_Goal of the exercise_
Repetition must be exact and must stop with the line bearing "Nedenstående figurer viser". It begins at the first line of the records and includes no pictures.

(Stored dataset items)
══════════════════════════════

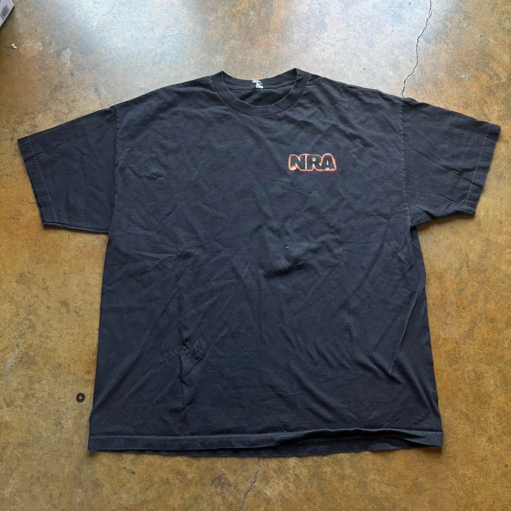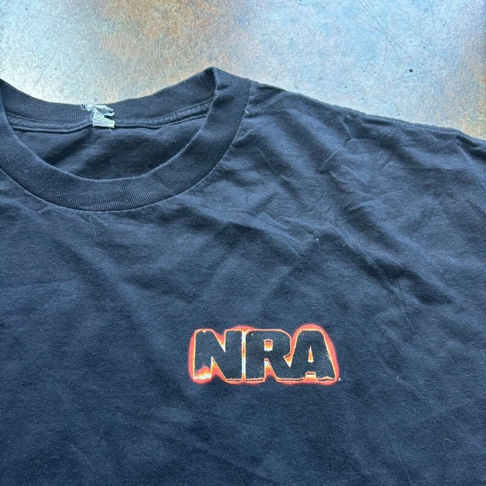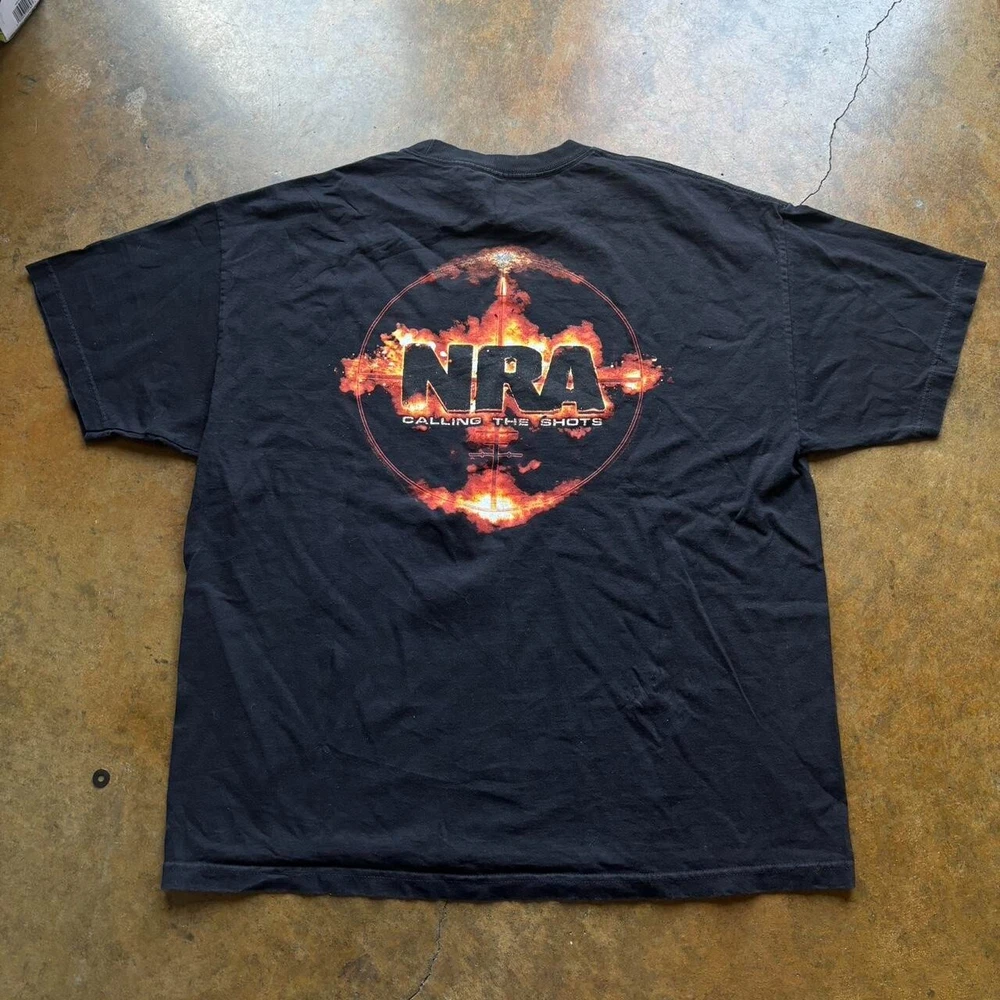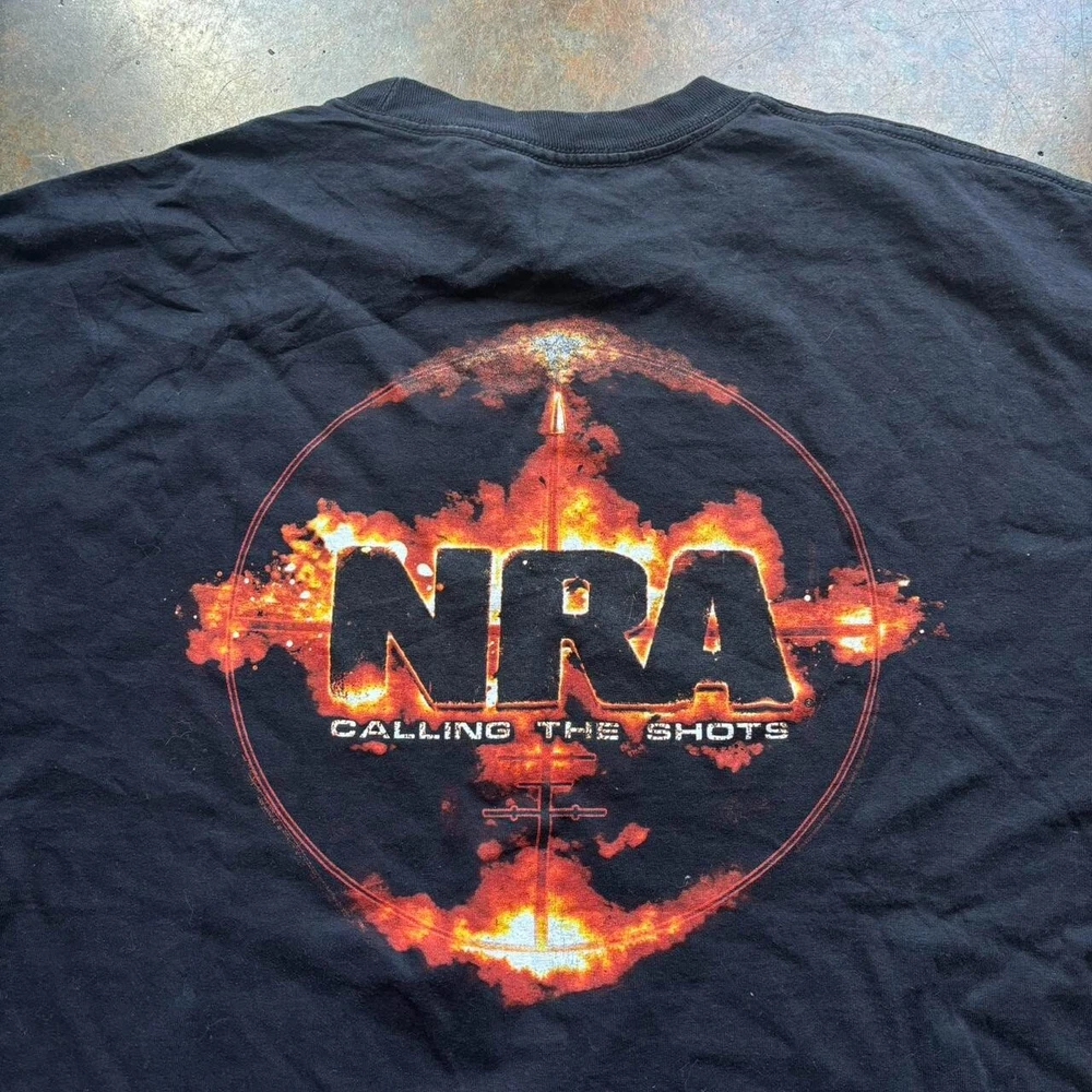 National rifle association “calling the shots” t-shirt with really cool gun scope graphic with flames on the back. Mens 2xl Pit ➡️ pit: 25” Length: 30”
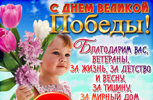 С Днём Победы! 09.05.2020 С 9 Мая, с Днем Победы! Здоровья каждому без меры, Добра, удачи всем, любви И мира, счастья, теплоты.
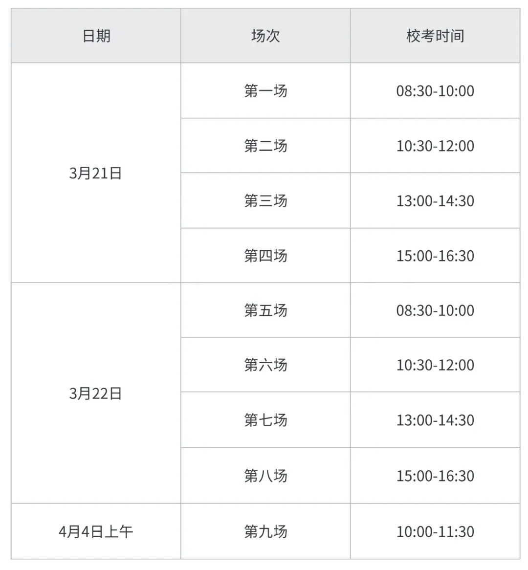 四、校考时间安排
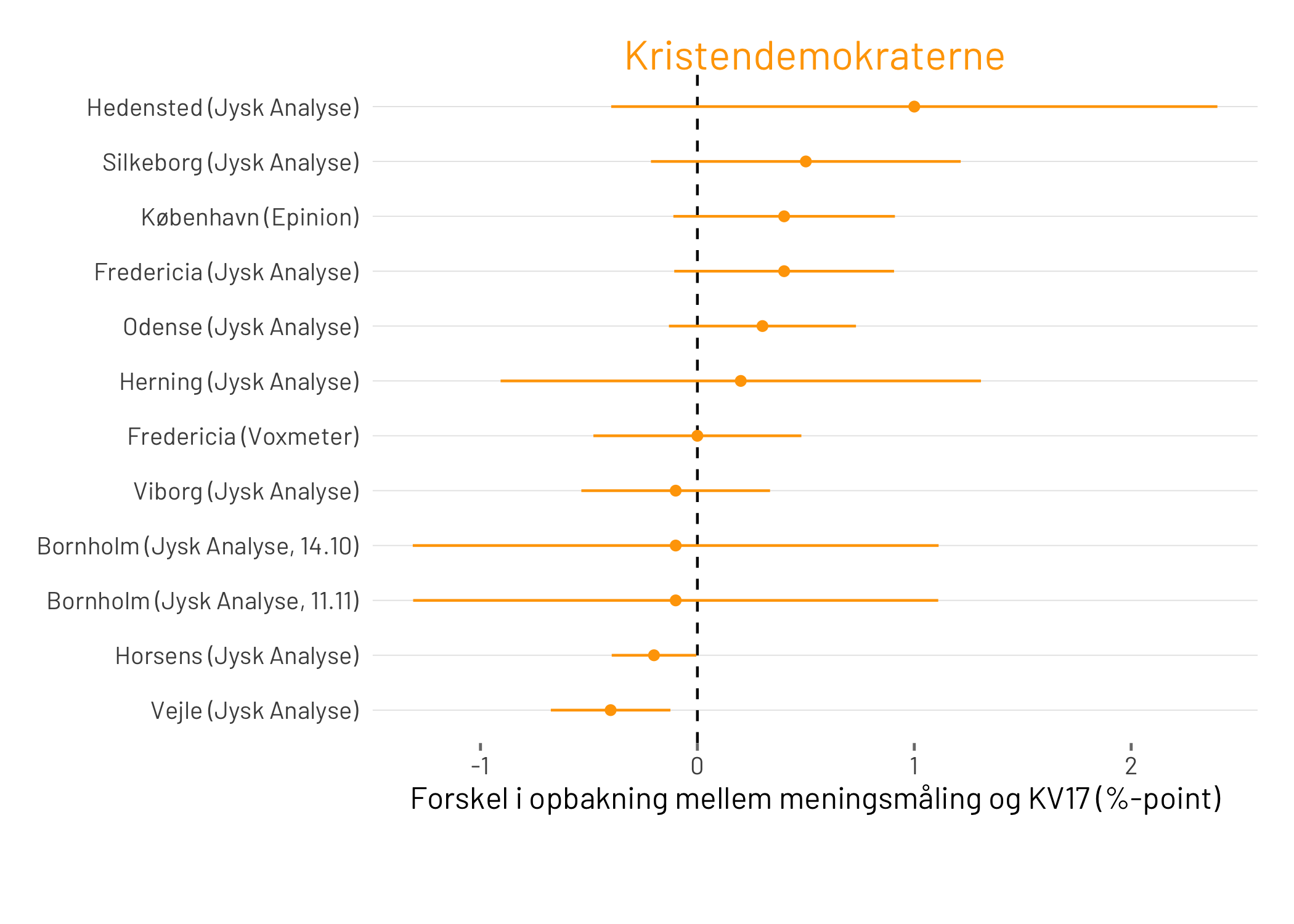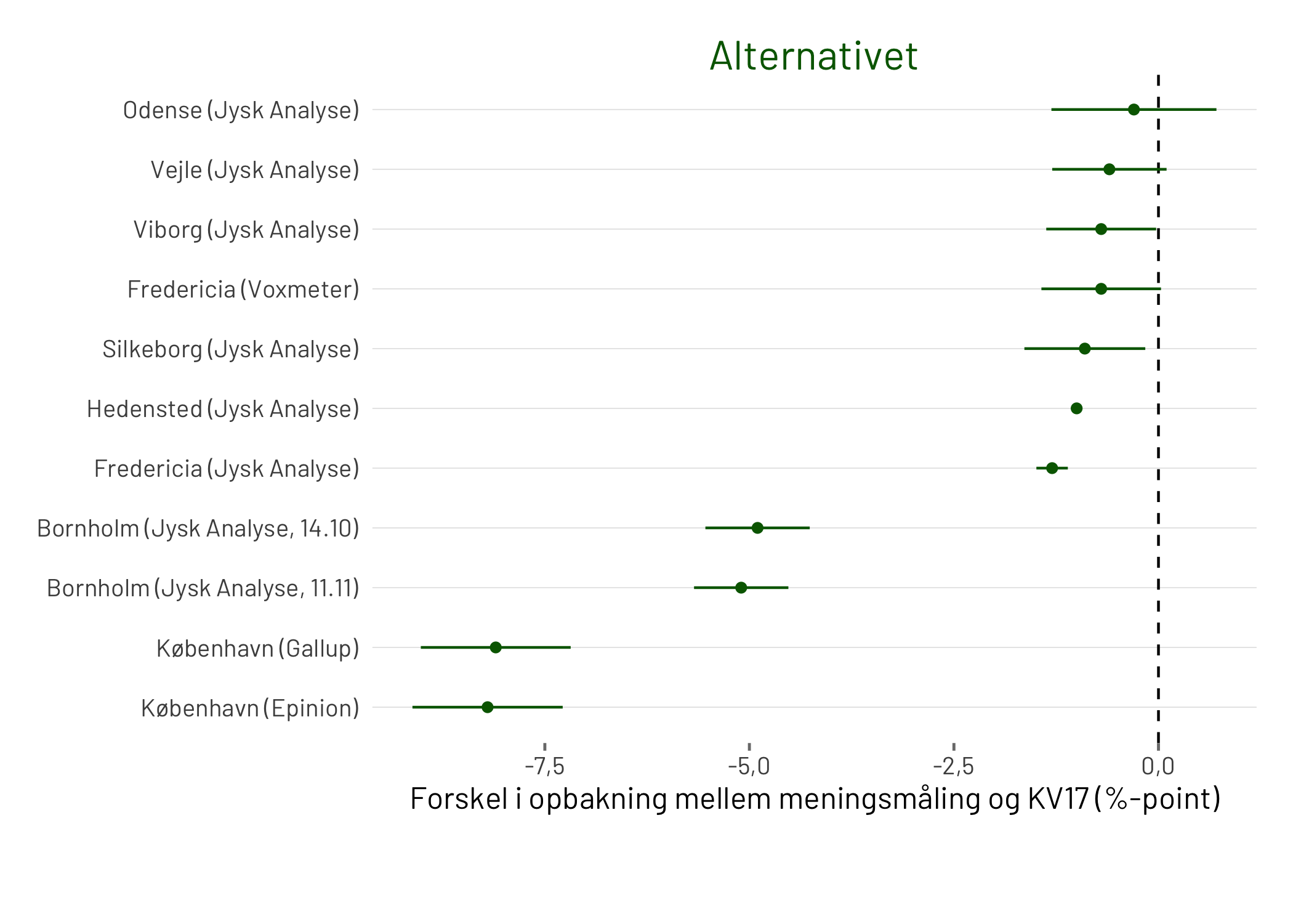 Nedenstående figurer viser forskellen i opbakningen fra kommunalvalget i 2017 til de nyeste meningsmålinger, der er foretaget i perioden fra 1. oktober til 11. november 2021. Positive værdier indikerer øget opbakning fra kommunalvalget 2017 til i dag.
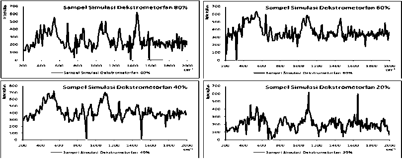 Spektrum sampel simulasi Efedrin Hidroklorida, Dekstrometorfan dan Tramadol Hidroklorida pada konsentrasi 20%, 40%, 60% dan 80% diukur dengan spektroskopi Raman. Selanjutnya masing – masing spektrum dianalisis dengan cross corelation function untuk mengetahui kedekatan spektrum sampel simulasi dengan masing – masing spektrum serbuk standar. Spektrum Raman kemudian dibandingkan antar konsentrasi untuk melihat perubahan pola spektrum yang terjadi.
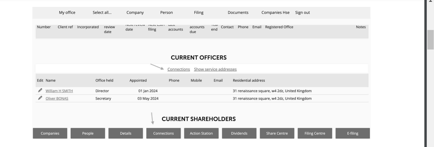 Once the Person has been added, you can select the company to which they’ve been appointed director. Go to Company > Select a company, then select Connections:
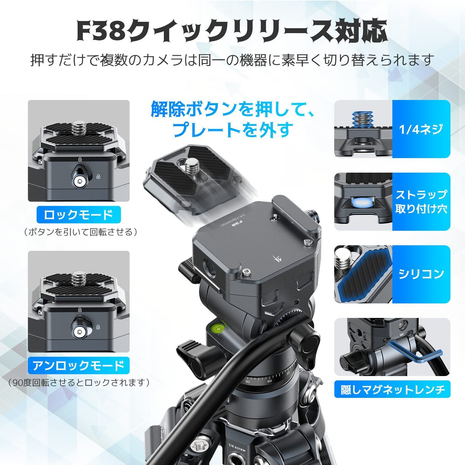 【F38 クイックリリース適用】三脚はF38クイックリリースプレートを付き、複数のカメラは同一の機器に素早く切り替えられます。またはカメラを複数の機器に素早く切り替えられるので、手間が省けてとても便利です。 プレートの上部には滑り止めのゴムがあり、ずれを防ぐと同時にカメラを保護することができます。上部には1/4インチネジがあります。注意:F38の台座は取り外しができません。
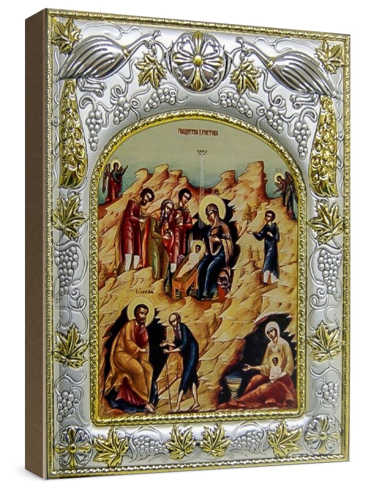 Икона рождество христово (14х18), серебро
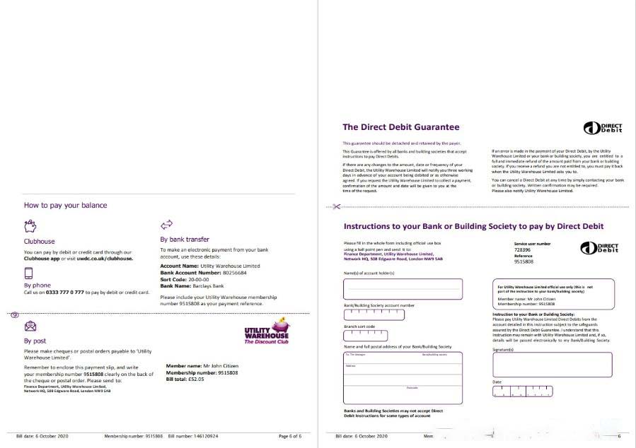 United Kingdom Utility Warehouse electricity utility bill template in Word and PDF format (6 pages) 5 6 download template file
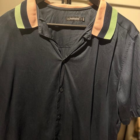 J. Lindeberg Flerfarget Lyocell skjorte i herrestørrelse M. Skjorten har kort erme og et mønster i flere farger. Laget av lyocell materiale som gir en myk og behagelig følelse.

══════════════════════════════

_Task solution_
 National rifle association “calling the shots” t-shirt with really cool gun scope graphic with flames on the back. Mens 2xl Pit ➡️ pit: 25” Length: 30”
 С Днём Победы! 09.05.2020 С 9 Мая, с Днем Победы! Здоровья каждому без меры, Добра, удачи всем, любви И мира, счастья, теплоты.
 四、校考时间安排
 Nedenstående figurer viser forskellen i opbakningen fra kommunalvalget i 2017 til de nyeste meningsmålinger, der er foretaget i perioden fra 1. oktober til 11. november 2021. Positive værdier indikerer øget opbakning fra kommunalvalget 2017 til i dag.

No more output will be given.